Der Kubus sei ja eine gute Idee. „Aber der hat viel Geld gekostet. Da muss was Vernünftiges rein.“

Die 25-jährige Sara Nura, die aus Usbekistan zu Besuch ist, findet die Installation dagegen interessant. „Das ist ein einsamer Mensch, der sich ins Leben kämpft und versucht, sich zu realisieren“, sagt sie. „Er will tiefer wurzeln, aber es gelingt ihm nicht.“

Wer das Objekt geschaffen hat und welchen Titel es trägt: „Ja, das soll noch dran stehen“, erklärt Marcus Schramm, Chef des Vereins Artcube. Man lasse gerade von einem Grafiker das Design für solche Kärtchen entwerfen. „Aber wir machen als Verein alles ehrenamtlich, da dauert es auch mal etwas.“ Überhaupt sei in der Startphase nicht alles glatt gelaufen, räumt er ein.

Am 7. Juli war der Kunstkubus mit einer Performance eröffnet worden (die OZ berichtete), rund 100 Besucher guckten zu. Danach bestückte Art-cube den Würfel mit einer Installation, die mehrere Vereinsmitglieder entworfen hatten. „Wir waren aber noch nicht ganz zufrieden damit“, sagt Schramm. Als die Stadtverwaltung dann forderte, dass an der Belüftung des Würfels nachgebessert werden müsse, verschwand die Installation wieder.
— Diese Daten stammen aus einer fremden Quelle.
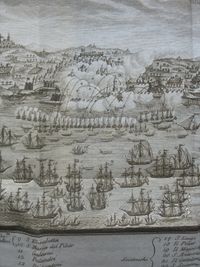 Barceló sailed from Cartagena on July 3 ahead of 5 ships of the line, 4 frigates and 68 small vessels, including gunboats and bomb vessels. The Algerines had no more than 2 demi-galleons of 5 guns each, a felucca of 6, two xebecs of 4 guns each, and 6 gunboats carrying 12 and 24-pounders to oppose them.[3] On 29 July the Spanish fleet came in sight of the town and two days later Barceló formed his line of battle and made the necessary dispositions for the attack. The bomb-ketches and gunboats, supported by xebecs and other vessels, formed the vanguard, the whole being covered by the ships of line and frigates.[15]
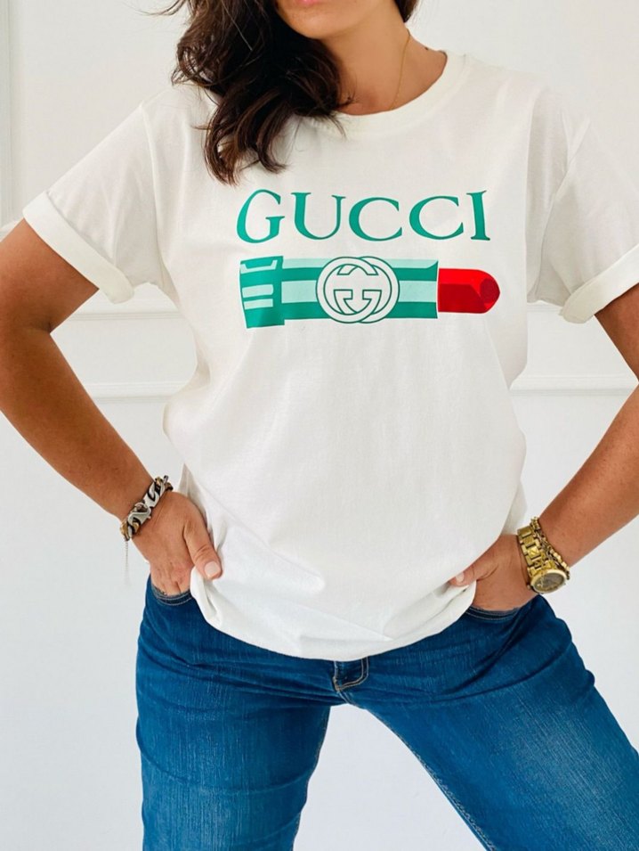 Beyaz Renkli Gucci Baskılı Kadın Tişört

Handwerker kamen und gingen, der Kubus stand leer.

Ein illegales Grafitti wurde aufgesprüht, Unbekannte hängten eine Pappe dran. „’Freiluftklo mit Aussicht’ stand drauf, oder so ähnlich“, erzählt der Rentner, der sich über die Eichen-Ausstellung aufregt. Der Verein Art-cube hängte ein anderes Schild auf: „Aufgrund von Verzögerungen bei der Inbetriebnahme sowie der Urlaubszeit kam es zu Terminverschiebungen.“

Vor zehn Tagen, diesmal ohne öffentliches Tamtam, landete dann das Eichen-Objekt im Kubus. Der Schöpfer heißt Lars Cremer, studiert Kunst am Caspar-David-Friedrich-Institut und nennt seine Installation „70 Eichen“. „Das ist eine Anspielung auf Joseph Beuys“, erklärt Marcus Schramm. Beuys habe 1982 in der Industriestadt Kassel 7000 Eichensetzlinge gepflanzt, die Stadt damit nachhaltig verändert.
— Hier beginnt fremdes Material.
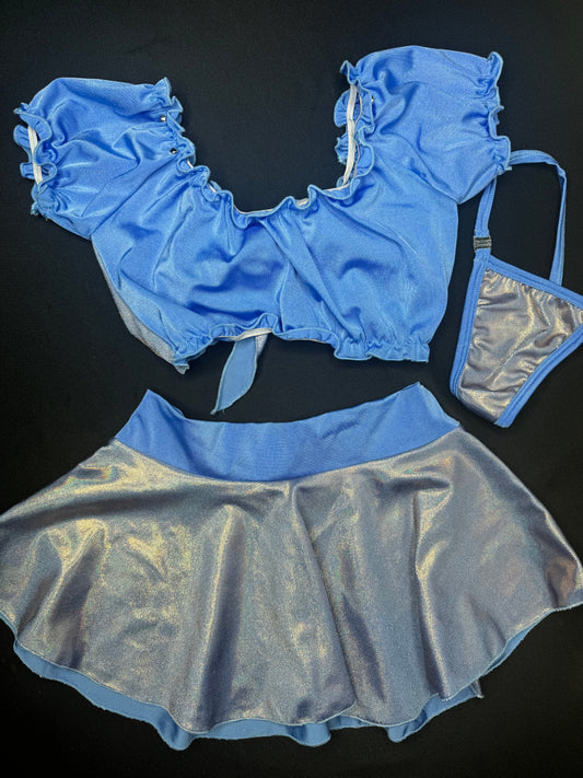 Mystic Periwinkle Blue Two-Piece Skirt Lingerie Outfit

Lars Cremer hat seine Setzlinge aus einem Greifswalder Park mitgenommen, bevor sie abgemäht worden wären und will die Installation in den kommenden Wochen als „art in progress“ weiter aufbauen. Am Ende sollen 70 Eichensetzlinge an Greifswalder verschenkt werden. „Die Hoffnung ist, dass die Leute sie in ihren Garten pflanzen“, erklärt Schramm. Die Standorte sollen sie dem Künstler mitteilen, „die Punkte will er dann grafisch umsetzen, um das Netzwerk der Bäume zu zeigen“. Schon jetzt aber rege die Installation zum Nachdenken an, findet Schramm.

Was genau man alles in ihr sehen könnte – darüber können die Greifswalder jetzt noch ein paar Wochen diskutieren.

Ein Raum für Künstler

Der Kunstkubus am Karl-Marx Platz wurde mit rund 23000 Euro Städtebaufördermitteln errichtet und soll zeitgenössischen Künstlern aus der Region einen Mini-Ausstellungsort bieten, mitten im öffentlichen Raum. Ursprünglich hatte der Ortsrat Innenstadt vorgeschlagen, auf dem Platz ein bleibendes Kunstwerk zu errichten. Ein entsprechender Wettbewerb ging 2016 aber ergebnislos aus, keines der eingereichten Kunstwerke überzeugte die städtische Jury. Daraufhin entstand der Kubus.